**WHAT THE EXERCISE ASKS**. An exact repetition of the data is required; no picture should appear in it.

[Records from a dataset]
===============

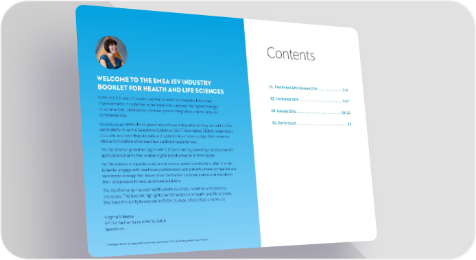 Contents WELCOME TO THE EMEA ISV INDUSTRY 01. Health and Life Sciences ISVs . . . . . . . . . . . . . . . . 3–6 BOOKLET FOR HEALTH AND LIFE SCIENCES 02. Horizontal ISVs . . . . . . . . . . . . . . . . . . . . . . . . . . . .7–17 93% of CIOs and IT Leaders say that in order to compete, they need improvements in customer experience and customer facing technology.* 03. Success ISVs . . . . . . . . . . . . . . . . . . . . . . . . . . . . . 18–22 To achieve this, initiatives to improve system integration and security are considered vital. 04. Get in touch . . . . . . . . . . . . . . . . . . . . . . . . . . . . . . . . 23 AppExchange applications speed up and ease integration as they are built on the same platform as the Salesforce Customer 360. This enables CIOs to break down silos and securely integrate data and systems to achieve a single 360 customer view and therefore drive seamless customer experiences. The AppExchange further aligns with CIO priorities by providing industry-specific applications that further enable digital transformation in their sector. For life science companies and care providers, patient centricity is vital. In order to better engage with healthcare professionals and patients, these companies are working to leverage the power of omni-channel communication and transform their processes with new, advanced solutions. The AppExchange has over 4,600 solutions across industries and business processes. This booklet highlights the ISV solutions in health and life sciences that have the ability to execute in EMEA (Europe, Middle East and Africa). Virginia Matassa VP ISV Partner Sales APAC & EMEA Salesforce **SSaalleessffoorrcce Re Reesseeaarrcch ah annaallyysseed sd suurrvveey ry reessppoonnssees fs frroom 1m 10000+ t+ teecchhnnoollooggy ly leeaaddeerrs ws woorrllddwwiiddee
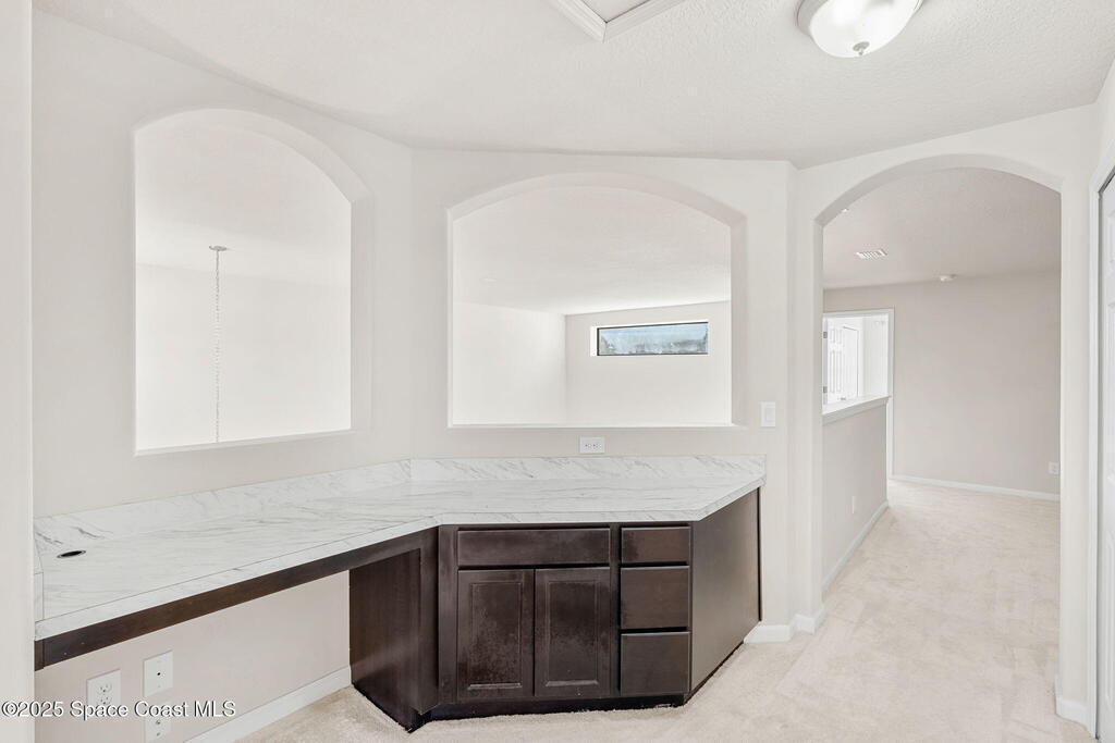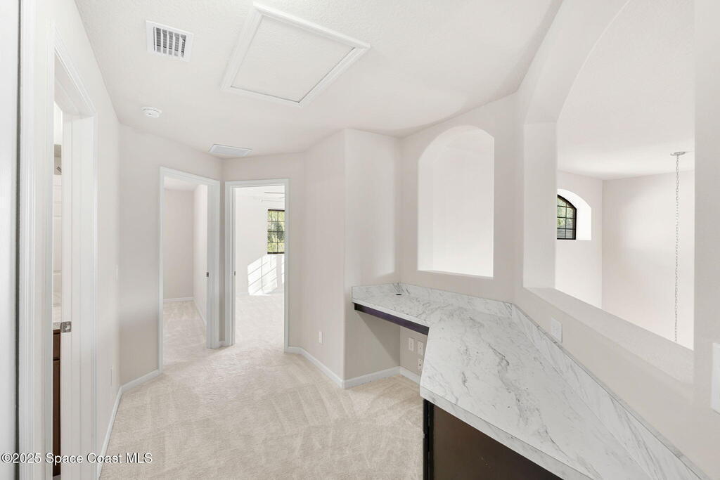 Maintenance-Free Living in the Heart of Melbourne. Spacious Family Room with a 2-story high ceiling and windows. Large eat-in kitchen, granite and huge prep space! The master suite is located on the first floor, walk in shower and large tub, with a screened patio and a water view. Built in office in loft area upstairs. HOA covers roof replacement. (2024) It also covers Exterior Paint, Cable/Internet, and lawn maintenance. Located close to it all - Beaches - 192- 95 - US1 - Airport - GE-Harris- Northrup Gruman and more.
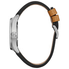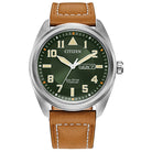 Rekindle the past with this vintage-inspired men's watch by Citizen. Paying homage to the golden age of travel, this timepiece features a green dial with a rich caramel brown leather strap with contrast stitching. This retro-styled men's watch features a Super Titanium stainless steel case and classic date function. This timepiece also features Citizen's sustainable Eco-Drive technology, powering the watch by light. For those with discriminating taste, the Garrison delivers every time.
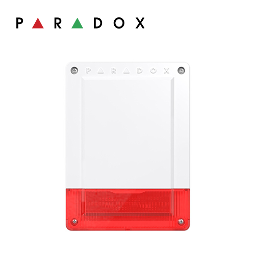 SR250 Paradox bežična spoljna sirena, antisabotažno zaštićena na 433MHzJačine 100dB sa integrisanim strob svetlom, domet 70m sa MG6130/6160/6250 i K32LX, 70m sa MG5000/5050/5050+, RTX3 na EVO192 i EVO HD i SP SPECTRA centralama (osim SP4000), dvostruka antisabotažna zaštita. Napaja se sa tri 1.5V D-baterije. Ispunjava EN 50131-4, EN 50131-1 Grade 2, EN 50130-5 Environmental Class IV standard u IP54 zaštiti.
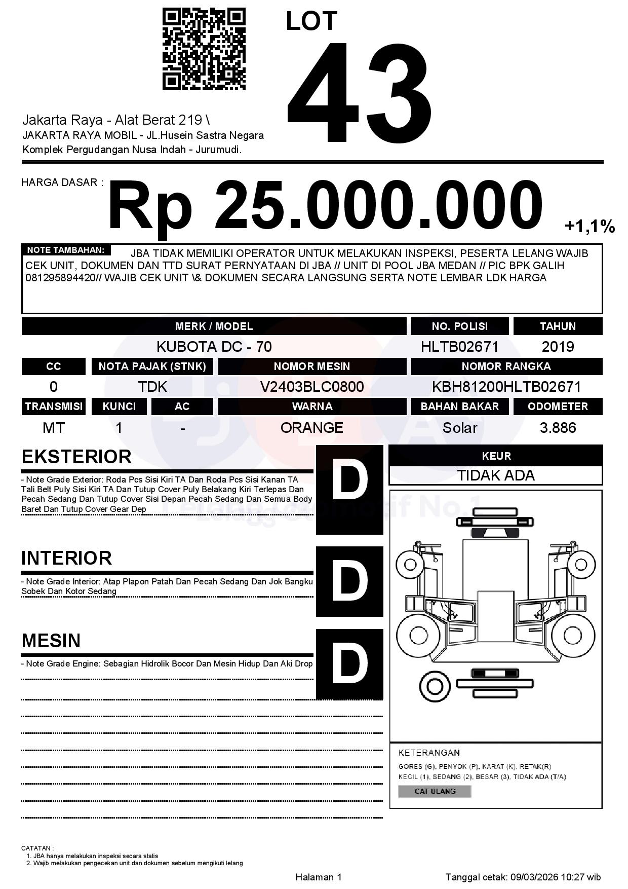 - Catatan JBA TIDAK MEMILIKI OPERATOR UNTUK MELAKUKAN INSPEKSI, PESERTA LELANG WAJIB CEK UNIT, DOKUMEN DAN TTD SURAT PERNYATAAN DI JBA // UNIT DI POOL JBA MEDAN // PIC BPK GALIH 081295894420// WAJIB CEK UNIT & DOKUMEN SECARA LANGSUNG SERTA NOTE LEMBAR LDK HARGA
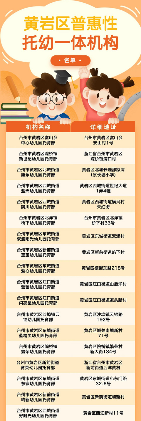 近日黄岩区公布了普惠性托育机构全名单 普惠托育是公共服务领域的新热点,这三年,从国家到地方,出台了一系列鼓励性的托育政策,为了解决“入托难、入托贵”的问题,黄岩区结合实际出台了《黄岩区普惠性托育机构认定标准(试行)》,积极落实《黄岩区普惠托育基本公共服务财政奖补实施方案(试行)》,为群众提供就近可及、普惠优质的托育服务。 ▼详情如下▼ 一、 全日托每人每月不超过2450元 今年8月底,黄岩区卫健、
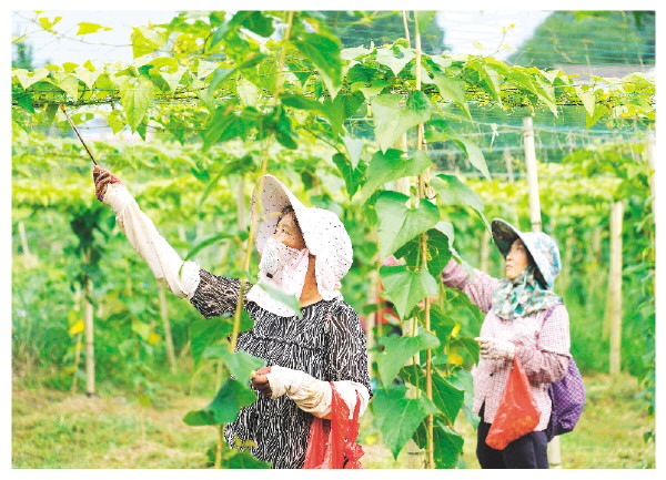 走进恭城瑶族自治县三江乡三联村罗汉果种植基地,一株株罗汉果藤蔓已攀爬上棚网并铺展开花,郁郁葱葱的枝叶上,金黄色的小花随风摆动。大家充当着辛勤的“蜜蜂”,穿梭在果花丛中,有条不紊地完成人工授粉,迎接又一个丰收年。“今年我们合作社流转土地400亩种植罗汉果,长势非常好,按照去年的收购价格,今年的收入预计在340万元左右。”合作社负责人黄春潮看着田里罗汉果的长势,脸上露出了喜悦的神情,他乐呵呵地告诉记者。

===============

**RESPONSE BELOW**.
 Contents WELCOME TO THE EMEA ISV INDUSTRY 01. Health and Life Sciences ISVs . . . . . . . . . . . . . . . . 3–6 BOOKLET FOR HEALTH AND LIFE SCIENCES 02. Horizontal ISVs . . . . . . . . . . . . . . . . . . . . . . . . . . . .7–17 93% of CIOs and IT Leaders say that in order to compete, they need improvements in customer experience and customer facing technology.* 03. Success ISVs . . . . . . . . . . . . . . . . . . . . . . . . . . . . . 18–22 To achieve this, initiatives to improve system integration and security are considered vital. 04. Get in touch . . . . . . . . . . . . . . . . . . . . . . . . . . . . . . . . 23 AppExchange applications speed up and ease integration as they are built on the same platform as the Salesforce Customer 360. This enables CIOs to break down silos and securely integrate data and systems to achieve a single 360 customer view and therefore drive seamless customer experiences. The AppExchange further aligns with CIO priorities by providing industry-specific applications that further enable digital transformation in their sector. For life science companies and care providers, patient centricity is vital. In order to better engage with healthcare professionals and patients, these companies are working to leverage the power of omni-channel communication and transform their processes with new, advanced solutions. The AppExchange has over 4,600 solutions across industries and business processes. This booklet highlights the ISV solutions in health and life sciences that have the ability to execute in EMEA (Europe, Middle East and Africa). Virginia Matassa VP ISV Partner Sales APAC & EMEA Salesforce **SSaalleessffoorrcce Re Reesseeaarrcch ah annaallyysseed sd suurrvveey ry reessppoonnssees fs frroom 1m 10000+ t+ teecchhnnoollooggy ly leeaaddeerrs ws woorrllddwwiiddee
 Maintenance-Free Living in the Heart of Melbourne. Spacious Family Room with a 2-story high ceiling and windows. Large eat-in kitchen, granite and huge prep space! The master suite is located on the first floor, walk in shower and large tub, with a screened patio and a water view. Built in office in loft area upstairs. HOA covers roof replacement. (2024) It also covers Exterior Paint, Cable/Internet, and lawn maintenance. Located close to it all - Beaches - 192- 95 - US1 - Airport - GE-Harris- Northrup Gruman and more.
 Rekindle the past with this vintage-inspired men's watch by Citizen. Paying homage to the golden age of travel, this timepiece features a green dial with a rich caramel brown leather strap with contrast stitching. This retro-styled men's watch features a Super Titanium stainless steel case and classic date function. This timepiece also features Citizen's sustainable Eco-Drive technology, powering the watch by light. For those with discriminating taste, the Garrison delivers every time.
 SR250 Paradox bežična spoljna sirena, antisabotažno zaštićena na 433MHzJačine 100dB sa integrisanim strob svetlom, domet 70m sa MG6130/6160/6250 i K32LX, 70m sa MG5000/5050/5050+, RTX3 na EVO192 i EVO HD i SP SPECTRA centralama (osim SP4000), dvostruka antisabotažna zaštita. Napaja se sa tri 1.5V D-baterije. Ispunjava EN 50131-4, EN 50131-1 Grade 2, EN 50130-5 Environmental Class IV standard u IP54 zaštiti.
 - Catatan JBA TIDAK MEMILIKI OPERATOR UNTUK MELAKUKAN INSPEKSI, PESERTA LELANG WAJIB CEK UNIT, DOKUMEN DAN TTD SURAT PERNYATAAN DI JBA // UNIT DI POOL JBA MEDAN // PIC BPK GALIH 081295894420// WAJIB CEK UNIT & DOKUMEN SECARA LANGSUNG SERTA NOTE LEMBAR LDK HARGA
 近日黄岩区公布了普惠性托育机构全名单 普惠托育是公共服务领域的新热点,这三年,从国家到地方,出台了一系列鼓励性的托育政策,为了解决“入托难、入托贵”的问题,黄岩区结合实际出台了《黄岩区普惠性托育机构认定标准(试行)》,积极落实《黄岩区普惠托育基本公共服务财政奖补实施方案(试行)》,为群众提供就近可及、普惠优质的托育服务。 ▼详情如下▼ 一、 全日托每人每月不超过2450元 今年8月底,黄岩区卫健、
 走进恭城瑶族自治县三江乡三联村罗汉果种植基地,一株株罗汉果藤蔓已攀爬上棚网并铺展开花,郁郁葱葱的枝叶上,金黄色的小花随风摆动。大家充当着辛勤的“蜜蜂”,穿梭在果花丛中,有条不紊地完成人工授粉,迎接又一个丰收年。“今年我们合作社流转土地400亩种植罗汉果,长势非常好,按照去年的收购价格,今年的收入预计在340万元左右。”合作社负责人黄春潮看着田里罗汉果的长势,脸上露出了喜悦的神情,他乐呵呵地告诉记者。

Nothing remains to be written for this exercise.